Databricks Community

thackman · 2 weeks ago

Liquid clustering on integers or dates seems intuitive. But it's less clear how it would decide to partion files when the key column is a high cardinality string. Does it try the first character of the string and then if that's not unique enough it goes for 2 or three characters? Or does it order the key values and grab a median value, then a median from each of those ranges? Or does it generate a histogram of unique values?

We have a silver table with a 100M rows. The rows are wide, several hundred columns. The key/id for each row is a guid. That's how the system that feeds us data identifies the records. About once an hour we get a microbatch of 50 to 100 records. Bronze is fast because it is SCD type2 and just appends. Silver is SCD type 1 so we Merge. A mix of updates and inserts. 98% of the time, the records are from the past few hours. Edits for data from last quarter does happen but it's rare. Since the guids are random what we see it that the Merge operation has to append to 50-100 different files. Our table is partitioned into 200 files so that is a lot of access for a small operation.

The app team that feeds us data mentioned that they could change the guids to be sequential. With UUIDv7 format the date component is moved to the front of the bits to keep today's data closer together. Would liquid clustering work better with these guids or does it require the entire string to be high cardinality but non-unique like zip codes? Would the optimizer detect and work with these string ids better?

Isi · a week ago

Hey @thackman ,

I would share my opinion

Liquid Clustering doesn’t use prefix logic (e.g., first characters) nor a frequency histogram like ZOrdering did. Instead, it performs range-based segmentation based on lexicographic ordering of the column values. This works well when there’s some natural ordering correlation, but with totally random UUIDs (like v4), there is no temporal or logical proximity... which causes LC to spread updates across many files.

Switching to UUIDv7 (or another time-ordered GUID format) would significantly help. These IDs maintain temporal locality because the timestamp is embedded at the beginning of the string. Therefore, new rows inserted around the same time will fall into lexicographically similar clusters, and LC will group them much more effectively. You’d likely end up with MERGEs affecting only 1–2 files instead of 50–100.

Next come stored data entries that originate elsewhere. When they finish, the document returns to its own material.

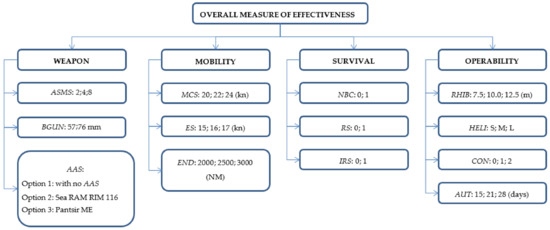 There are two design model attributes i.e., OMOE and the TLCC. The OMOE is the weighted sum formulated from the values of the 13 specific attributes that impact the tactical-technical characteristics of the ship, such as speed, cruising range, weapons, autonomy, and survivability. Specific attributes are divided into four groups: weapon, mobility, survival, and operability. This attribute is obtained by applying the weight coefficients KTK(i) derived by inter-attribute preference using Saaty’s theory [43], and the analytic hierarchy process (AHP). The weight coefficients are based on the interviews with the naval officers in charge (former commanders of patrol vessels of the Croatian navy). The same approach is applied for value functions VFP(i). Figure 1 represents the hierarchical structure of specific attributes, while Table 3 represents the weights of specific attributes.
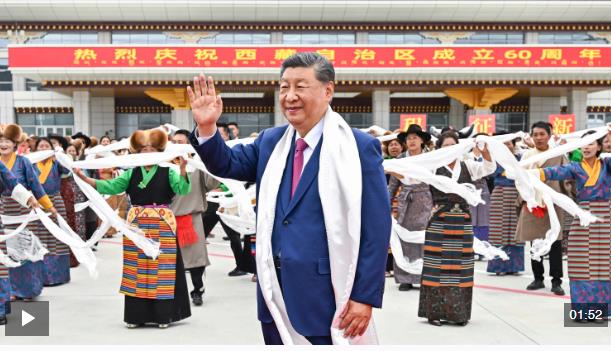 中共中央總書記、國家主席、中央軍委主席習近平率中央代表團20日中午乘專機抵達拉薩,出席西藏自治區(qū)成立60周年慶?;顒印A暯降仍跈C場和拉薩市區(qū)受到西藏各族群眾的熱烈歡迎。中共中央政治局常委、全國政協(xié)主席、中央代表團團長王滬寧,中共中央政治局常委、中央辦公廳主任蔡奇等同機抵達。
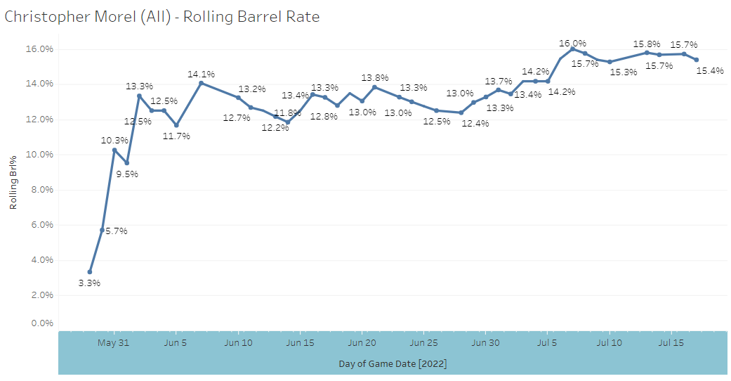 This has nothing to do with yesterday but what the heck - Chris Morel has a 15.4% Barrel Rate this year. I would’ve guessed like 7%. He started hot with the barrels but then was just awful in mid-June, but now he’s been great again.
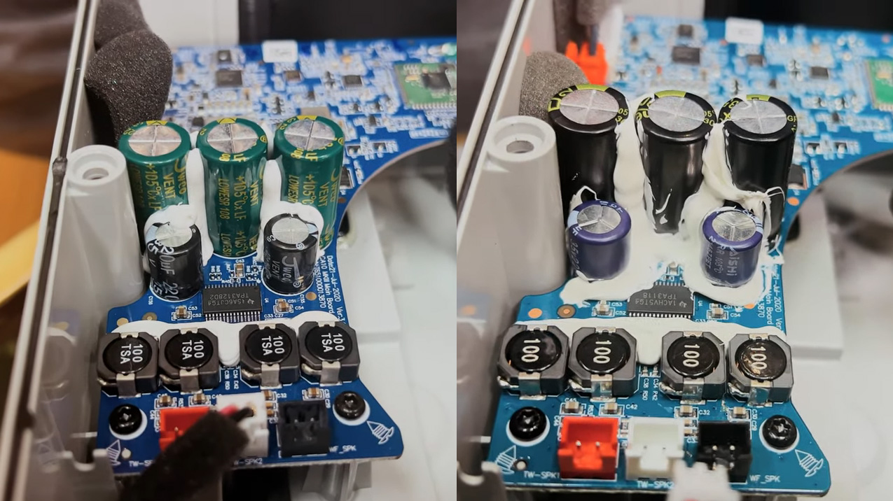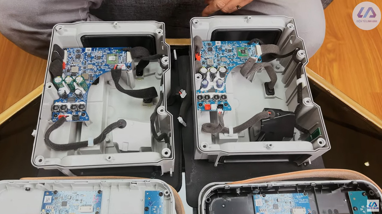 3.แผงวงจร ฝังชิพเหมือนกันบางตัว และต่างกันหลายชิ้น โดยเฉพาะชิ้นสำคัญ ของแท้จะใช้ชิพแท้จากโรงงานงานแบรนด์ ของปลอม ชิพตลาด โดยเฉพาะ Amplifier ชิพขยายเสียง ของแท้ใช้อย่างดี ของปลอมใช้ เกรดตลาดที่หาซื้อทั่วไปได้ (ดูรูปกระกอบได้)

So... yes Liquid Clustering would work far better with sequential or time-ordered GUIDs like UUIDv7. It doesn’t require low cardinality strings like zip codes, but it benefits enormously from values that are not random and have a logical grouping when sorted.

If you’re able to switch to UUIDv7, I highly recommend doing so you’ll likely see much faster merges, compactions, and query planning...

Let us know how it goes if you give it a try.

Hope this helps 🙂

Isi

emiliaswan · 17 hours ago

I found this great breakdown of current typography trends that touches on immersive typography and where it's heading. If you're interested in how 3D and AR are evolving in the design world, especially in terms of functionality and aesthetics,

Databricks Community

How does liquid clustering handle high cardinality strings?

Photos

Join Us as a Local Community Builder!

Announcing the APJ Databricks Smart Business Insights Challenge: Empowering Data-Driven Decision Mak

🚀 Monthly Databricks Get Started Days – Accelerate Your Learning Journey! 🚀

Business Intelligence in the Era of AI

Virtual Learning Festival: 9 April - 30 April

Data + AI Summit 2025 — registration now open!